Climax Forest Communities
Mixed conifer forests include western red cedar, Sitka spruce, western hemlock, Douglas fir, big-leaf maple and red alder. Epiphytes are common, and include mosses, lichens, ferns, liverworts, selaginella and occasional shrubs. Grand fir may be found. Understory vegetation is dense and multilayered. Dominant tree seedlings are restricted to western hemlock, which is very tolerant of low light levels. Other species appear as seedlings only in light gaps.

Western hemlock forest is the dominant forest type except in drier areas, where Douglas fir is more common. Western red cedar grows on moist sites at all elevations. Without disturbance, western hemlock will dominate all forest sites over time. Wind throw, fire, disease and other disturbances leads to the inclusion of other tree species.

Coastal forests of Sitka spruce grow in a narrow zone in the fog belt, along the coast and slightly inland up river valleys. Epiphytes are abundant. Other understory species include salal, oxalis, swordfern, with red alder as an understory tree in light gaps.

True fir forests, higher elevations, usually above 1,500 feet, contain Pacific silver fir with shrub to open understories. Noble fir may also be found.

White oak woodlands and savannahs barely grow into the Columbia Coast region, but are common on the east side of the Coast Range and in the interior, particularly east of the Cascades. These open woodlands often transition into high elevation grasslands or balds, with a high diversity of grasses and forbs in the understory.

Wetland Forest Communties
Floodplain forests are found in river valleys, may contain black cottonwood with a mix of other hardwoods, including Oregon ash, several willows, red alder, and bigleaf maple. Floodplain forests may also be considered wetlands, though they are often only wet during peak spring and intermittent winter floods.
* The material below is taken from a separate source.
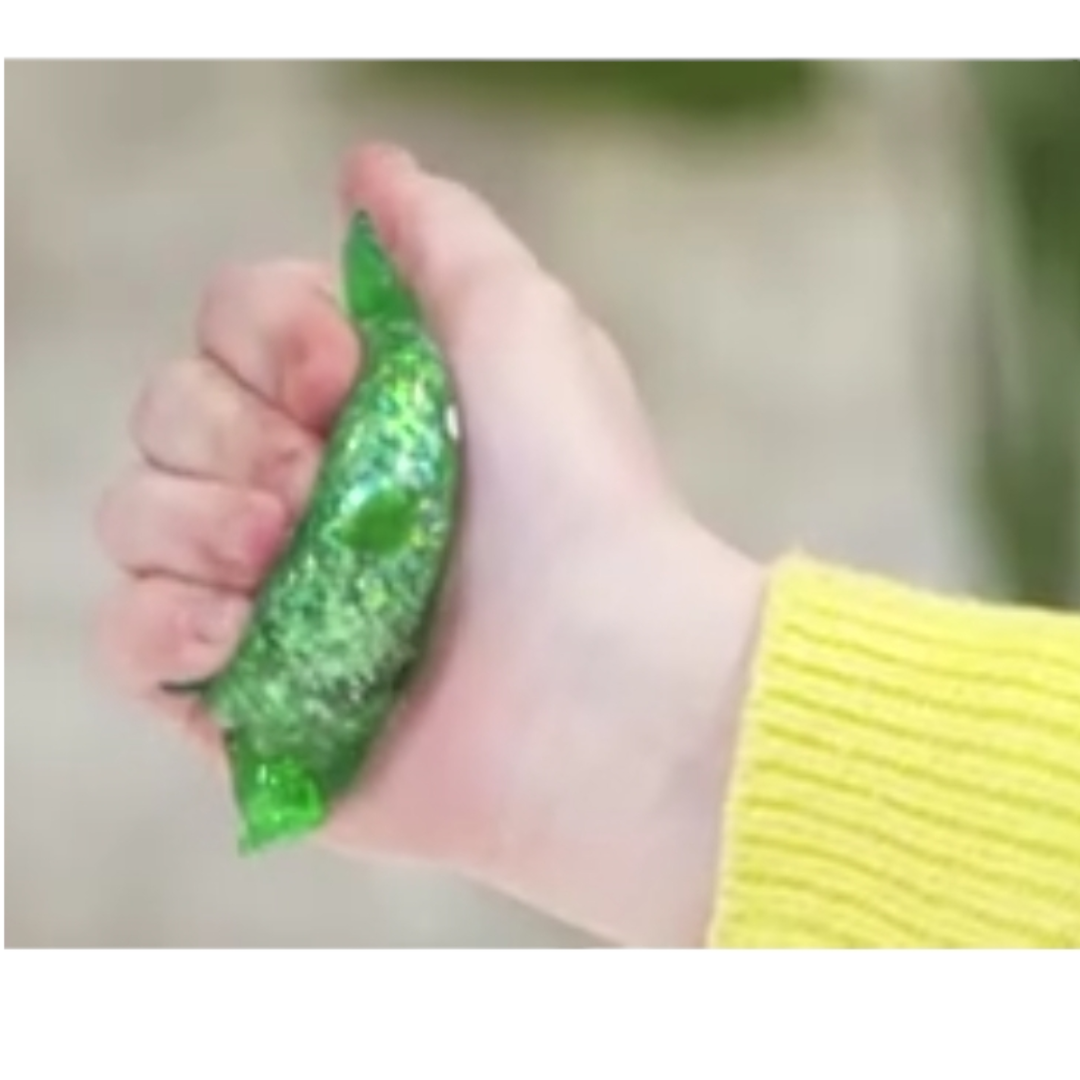 Son figuras misteriosas con purpurina (glitter) de 5 cm Diseñadas para jugar de forma sensorial, se pueden apretar y siempre vuelven a su forma original.

Swamps are forested wetlands. Common swamp species include Sitka spruce, western hemlock, western red cedar, red alder, Oregon ash, Hooker's willow, Scouler's willow, Pacific willow, western crabapple, and black cottonwood. They are found in fens, dune swales, floodplains in river valleys, and on perched wet soils in upland areas.
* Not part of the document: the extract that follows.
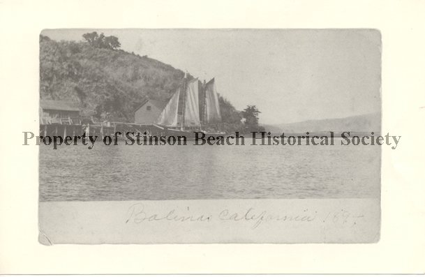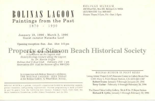 An invitation card for the Bolinas Museum show titled "Bolinas Lagoon, Paintings from the Past, 1870-1930" The front of the card shows a painting of a schooner docked at the Bolinas wharf probably painted from spit of Stinson Beach. It is written under it, Bolinas, California 1894. The Show was held January 19 to March 3, 1996.

Logging of swamps (timbered wetlands) may lead to colonization by marsh species (sedges, rushes and grasses), under wetter conditions post-logging with higher water tables. Tree species may be impossible to establish afterwards, resulting in a permanent to centuries-long loss of tree habitat. With high water tables, swamps are often difficult to log. Shallow root systems growing on the surface with buttressed trunks are distinctive features of swamps.

Successional Forest Communties
Shore pine forests grows in a short-lived transitional stage between grasslands and Sitka spruce / western hemlock forests along the coast. In other parts of the world, this pine tree is considered a noxoius weed. It is fire tolerant, produces seeds at a young age in serotinus cones, and can reenter areas from the seed bank, growing in dense "dog hair" stands after fire, clearing or other disturbance just as its interior sibling, lodgepole pine does. Prior to the changes in landscape management of the past 100 years, shore pine was probably kept out of many old dune prairies by frequent fire, which kept young trees from establishing. Now this aggressive tree grows over thousands of acres of newly-formed land, adding to fire loads in forest communities. Species that replace shore pine in succession include Sitka spruce, western red cedar and western hemlock.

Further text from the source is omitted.